Updates
Release 09/22/2020
- Incorporated (a) distributed data parallel trainng and (b) fusedSGD optimizer, resulting in 2x faster training.
FAZE: Few-Shot Adaptive Gaze Estimation
This repository contains the code for training and evaluation of our ICCV 2019 work, which was presented as an Oral presentation. FAZE is a framework for few-shot adaptation of gaze estimation networks, consisting of equivariance learning (via the DT-ED or Disentangling Transforming Encoder-Decoder architecture) and meta-learning with gaze-direction embeddings as input.
Links
- NVIDIA Project Page
- ETH Zurich Project Page
- arXiv Page
- CVF Open Access PDF
- ICCV 2019 Presentation
- Pre-processing Code GitHub Repository (also included as a submodule in this repository)
Training and Evaluation
1. Datasets
Pre-process the GazeCapture and MPIIGaze datasets using the code-base at https://github.com/swook/faze_preprocess which is also available as a git submodule at the relative path, preprocess/
.
If you have already cloned this few_shot_gaze
repository without pulling the submodules, please run:
git submodule update --init --recursive
After the dataset preprocessing procedures have been performed, we can move on to the next steps.
2. Prerequisites
This codebase should run on most standard Linux systems. We specifically used Ubuntu
Please install the following prerequisites manually (as well as their dependencies), by following the instructions found below:
- PyTorch 1.3 - https://pytorch.org/get-started/locally/
- NVIDIA Apex - https://github.com/NVIDIA/apex#quick-start
- please note that only NVIDIA Volta and newer architectures can benefit from AMP training via NVIDIA Apex.

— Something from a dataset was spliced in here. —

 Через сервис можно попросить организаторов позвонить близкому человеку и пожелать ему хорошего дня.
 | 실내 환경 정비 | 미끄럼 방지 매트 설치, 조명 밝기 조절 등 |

The remaining Python package dependencies can be installed by running:
pip3 install --user --upgrade -r requirements.txt
3. Pre-trained weights for the DT-ED architecture and MAML models
You can obtain a copy of the pre-trained weights for the Disentangling Transforming Encoder-Decoder and for the various MAML models from the following location.
cd src/
wget -N https://files.ait.ethz.ch/projects/faze/outputs_of_full_train_test_and_plot.zip
unzip -o outputs_of_full_train_test_and_plot.zip
4. Training, Meta-Learning, and Final Evaluation
Run the all-in-one example bash script with:
cd src/
bash full_train_test_and_plot.bash
The bash script should be self-explanatory and can be edited to replicate the final FAZE model evaluation procedure, given that hardware requirements are satisfied (8x GPUs, where each are Tesla V100 GPUs with 32GB of memory).
The pre-trained DT-ED weights should be loaded automatically by the script 1_train_dt_ed.py
. Please note that this model can take a long time to train when training from scratch, so we recommend adjusting batch sizes and the using multiple GPUs (the code is multi-GPU-ready).
The Meta-Learning step is also very time consuming, particularly because it must be run for every value of k
or number of calibration samples. The code pertinent to this step is 2_meta_learning.py
, and its execution is recommended to be done in parallel as shown in full_train_test_and_plot.bash
.
5. Outputs
When the full pipeline successfully runs, you will find some outputs in the path src/outputs_of_full_train_test_and_plot
, in particular:
- walks/: mp4 videos of latent space walks in gaze direction and head orientation
- Zg_OLR1e-03_IN5_ILR1e-05_Net64/: outputs of the meta-learning step.
- Zg_OLR1e-03_IN5_ILR1e-05_Net64 MAML MPIIGaze.pdf: plotted results of the few-shot learning evaluations on MPIIGaze.
- Zg_OLR1e-03_IN5_ILR1e-05_Net64 MAML GazeCapture (test).pdf: plotted results of the few-shot learning evaluations on the GazeCapture test set.
Realtime Demo
We also provide a realtime demo that runs with live input from a webcam in the demo/
folder. Please check the separate
demo instructions for details of
how to setup and run it.
Bibtex
Please cite our paper when referencing or using our code.
@inproceedings{Park2019ICCV,
author = {Seonwook Park and Shalini De Mello and Pavlo Molchanov and Umar Iqbal and Otmar Hilliges and Jan Kautz},
title = {Few-Shot Adaptive Gaze Estimation},
year = {2019},
booktitle = {International Conference on Computer Vision (ICCV)},
location = {Seoul, Korea}
}
Acknowledgements
Seonwook Park carried out this work during his internship at NVIDIA. This work was supported in part by the ERC Grant OPTINT (StG-2016-717054).